Jim> He also did a little loop unrolling in test1 which made a
Jim> tremendous performance difference:
roadrunner> ./newtest1 10
Jim> 1000 10 4.20 190.48
roadrunner> ./test1 10
Jim> 1000 10 0.58 137.14
The numbers Richard got on his 300MHz (?) eb164 for this new version
of test1 are interesting, too (Richard, I hope you don't mind me
quoting your results):
ecoff (gcc version 2.7.1 off the red hat 3.0.3 cd)
1000 10 3.65 219.18
elf shared (gcc version 2.7.2 snapshot 960602)
1000 10 3.76 212.78
LD_BIND_NOW=1
1000 10 3.65 219.04
elf static (same)
1000 10 3.41 234.73
I'm not sure yet we understand why the "elf static" binary is that
much faster, but ELF performance isn't really something anybody has
had time yet to look into, so it may be that we just get lucky.
Now where does the improvement come from? Well, gcc either is not
agressive enough about using registers (of which the Alpha has plenty)
or its alias analysis is extremely conservative. The upshot of this
is that most loops in the tests I looked at are scheduled _exactly_
the way they are written in the sources---very often, a load is
immediately followed by a use. I looked at one function each in test1
and test3 and in both cases, just separating the loads from the stores
(and putting the actual operations in between) improved performance
tremendously.
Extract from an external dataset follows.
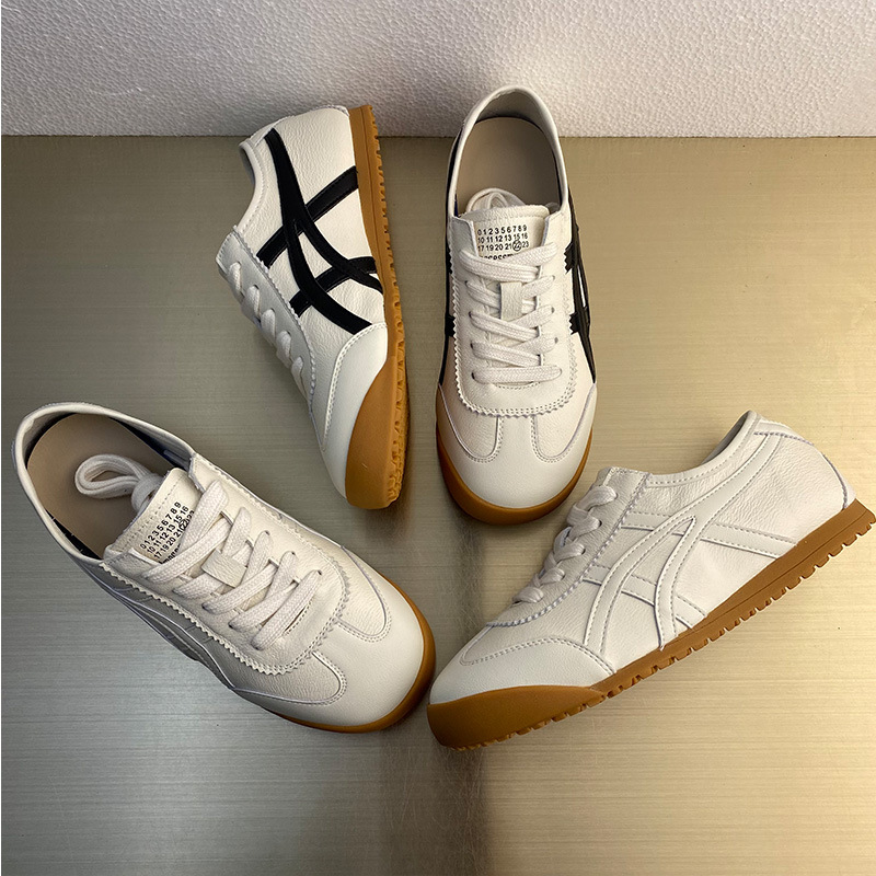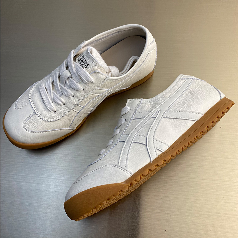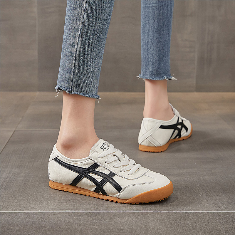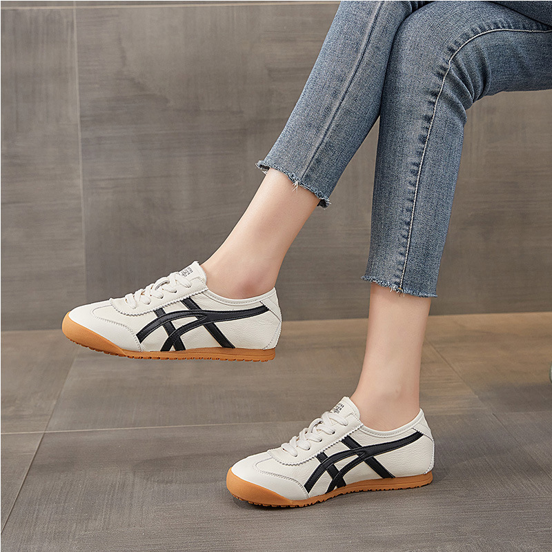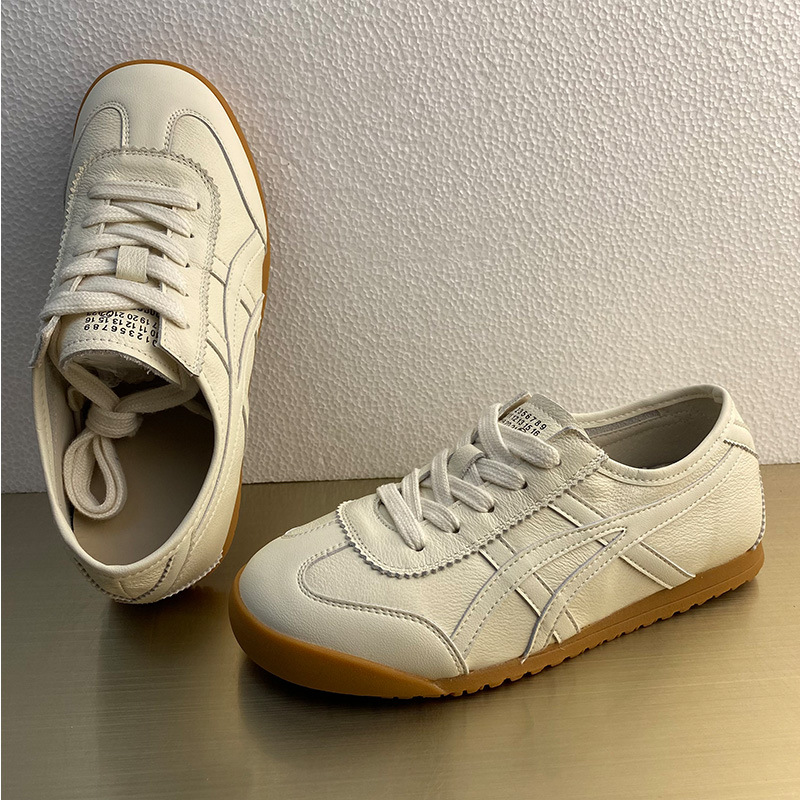 레트로 1 층 소 가죽 와플 훈련을위한 엉덩이 신발 여성 2025 봄 새로운 편안한 올 매치 캐주얼 러닝 운동화

In test3, this reduced execution time of function
svmva() from 1.07 seconds down to 0.56 seconds on my Cabriolet (275MHz
21064a, the times where measured with gprof---so they should not be
taken literally, but the relative performance is usually accurate).
The overall improvement for test3 was less because I didn't have the
time to make the same kind of changes to the other functions.
To summarize:
(1) When using the DEC C compilers, be sure it's operating in ANSI C
mode (-std1)
(2) When using gcc, it may be necessary to spend some time optimizing
the code for the Alpha to get similar (or better) performance than
what DEC C achieves (cc -migrate -O4 -std1 or some such).
(3) gcc -O -Wall is a great assistant in tracking down 64-bit problems
in code.
So, please, do _not_ jump out of the window! (Or is that "into
window(s), these days?? ;-))
--david